Covariance Eigenanalysis for Direction Finding with Analytic Ray-Traced Steering Vectors
DOI:
https://doi.org/10.31224/6848Keywords:
direction-of-arrival estimation, covariance eigenanalysis, ray-traced steering vectors, atmospheric propagation modelingAbstract
In our setup of multiple phased array antennas, the goal was to replicate current techniques for object location. For this, we incorporated Multiple Signal Classification, a subspace direction of arrival estimator for multiple narrowband sources impinging on our phased arrays. This method relies on an eigendecomposition of the sample spatial covariance matrix and the resulting partition of the complex space into orthogonal signal and noise subspaces. Candidate directions are evaluated by their energy in the noise subspace, and direction of arrival hypotheses are taken from peaks in the reciprocal of this noise-subspace energy, often referred to as the pseudospectrum.
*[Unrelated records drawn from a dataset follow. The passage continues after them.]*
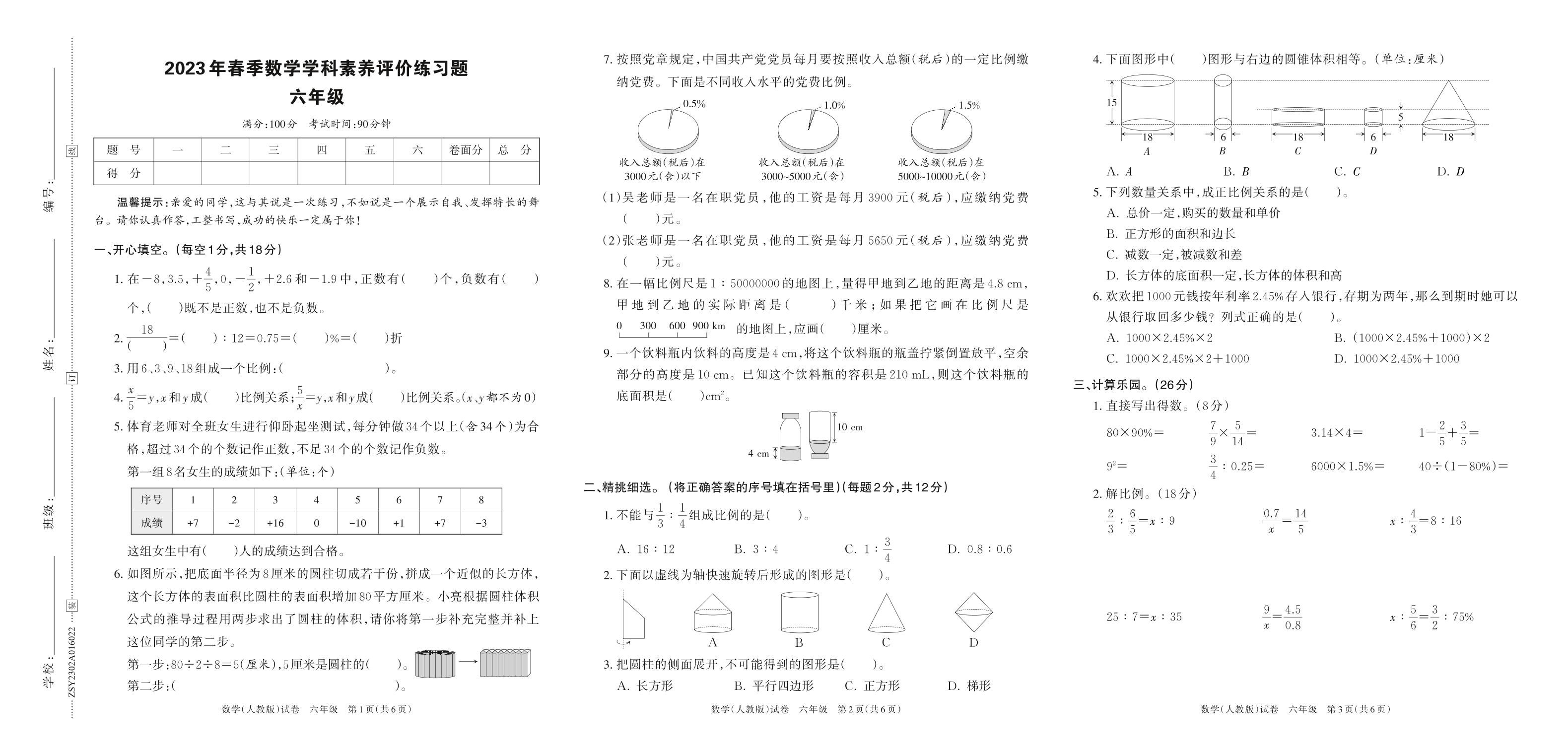 河南省郑州市中牟县2023年春季数学学科素养评价练习题六年级(人教版)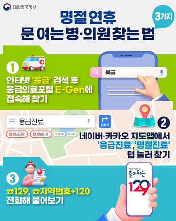 설 연휴에 갑자기 아프면 응급의료포털(e-gen, www.e-gen.or.kr)이나 보건복지부 콜센터 129, 시도 콜센터 120 전화를 통해 가까운 곳의 문 연 병의원과 약국을 쉽게 찾을 수 있다.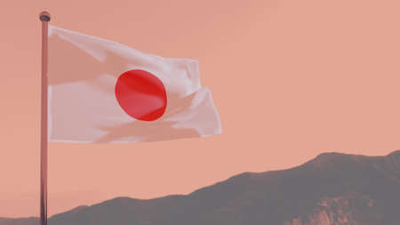 the flag of Japan in the wind on the background of the sunset sky. 3d rendering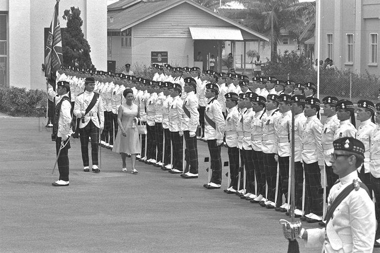 PRINCESS MARGARET'S OFFICIAL VISIT TO SINGAPORE. PICTURE SHOWS PRINCESS MARGARET INSPECTING THE GUARD OF HONOUR AT NEE SOON BARRACKS, HOME OF THE FIRST BATTALION OF THE ROYAL HIGHLAND FUSILIERS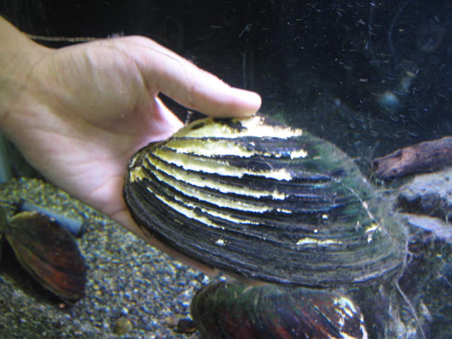 こんなでかいジャンボドブ貝も入荷しました!このおててはメガネ君の手。「持ちな!」と言ったら持ってくれました。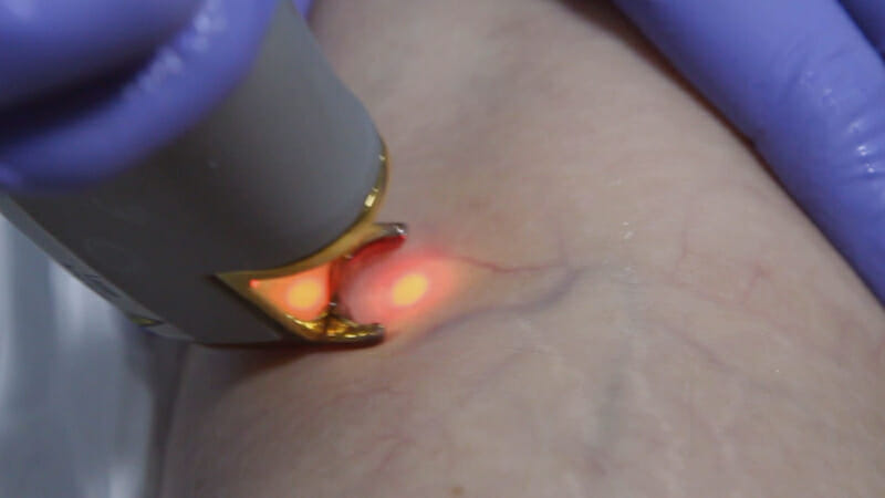 В основе этой технологии лежит фототермолизная селекция. С помощью лазерной установки излучаются волны заданной длины, вызывающие подогрев кровяных клеток. В результате происходит коагуляция, и стенки расширенного сосуда склеиваются. После такой обработки сосуд рассасывается в течение месяца.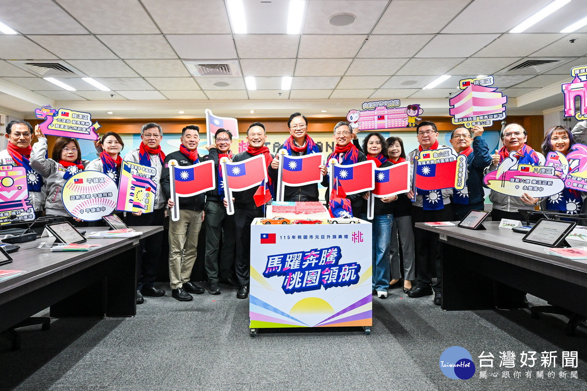 張善政指出,明年適逢馬年,升旗典禮以「馬躍奔騰.桃園領航」為主題,象徵桃園持續向前、勇於開創的城市精神。本次典禮活動內容豐富,特別邀請知名歌手施孝榮及陸軍專科學校戰鼓隊,擔任表演嘉賓,並由「桃園合唱劇工坊」領唱國歌,陸軍二一砲指部將協助拉展大型國旗。活動也結合樂天女孩精彩演出,為典禮增添活力。另外,為響應市府致力推動的「靜桃計畫」,環保局特別號召古董車友組成示範車隊,在活動現場展示古董車優雅風采與環境保護理念。

In our implementation, the steering vector is generated by an analytic ray tracer rather than by a conventional ideal plane-wave model. For each scan direction, the ray tracer computes the complex field at each array element by integrating refractive optical path length and attenuation along the propagation path to each sensor, with optional instrument phase and gain terms. The Multiple Signal Classification algorithm is then applied as usual, but the mismatch between the assumed and actual steering vector due to refraction and loss is shifted from an unmodeled error term into the forward model used inside the noise-subspace energy calculation.
This combination provides several operational advantages. Multiple Signal Classification preserves super-resolution angular discrimination by exploiting covariance eigenstructure rather than relying on steering limited by beamwidth. Ray tracing reduces deterministic bias by ensuring the steering vector includes atmospheric refraction and absorption, preventing these effects from being absorbed into leakage between the signal and noise subspaces. The result is a direction of arrival estimator that remains mathematically identical to standard Multiple Signal Classification, but produces bearings that are physically consistent under non-ideal propagation conditions, improving downstream fusion stability and track repeatability.
The development proceeds from the narrowband array model through finite-snapshot covariance estimation and Hermitian eigenanalysis to an explicit summation-form master equation that maps directly to loop-based implementations. The same algebraic structure is retained when the steering vector is replaced by ray-integrated propagation, enabling a propagation-aware pseudospectrum evaluation under refracting and lossy atmospheres.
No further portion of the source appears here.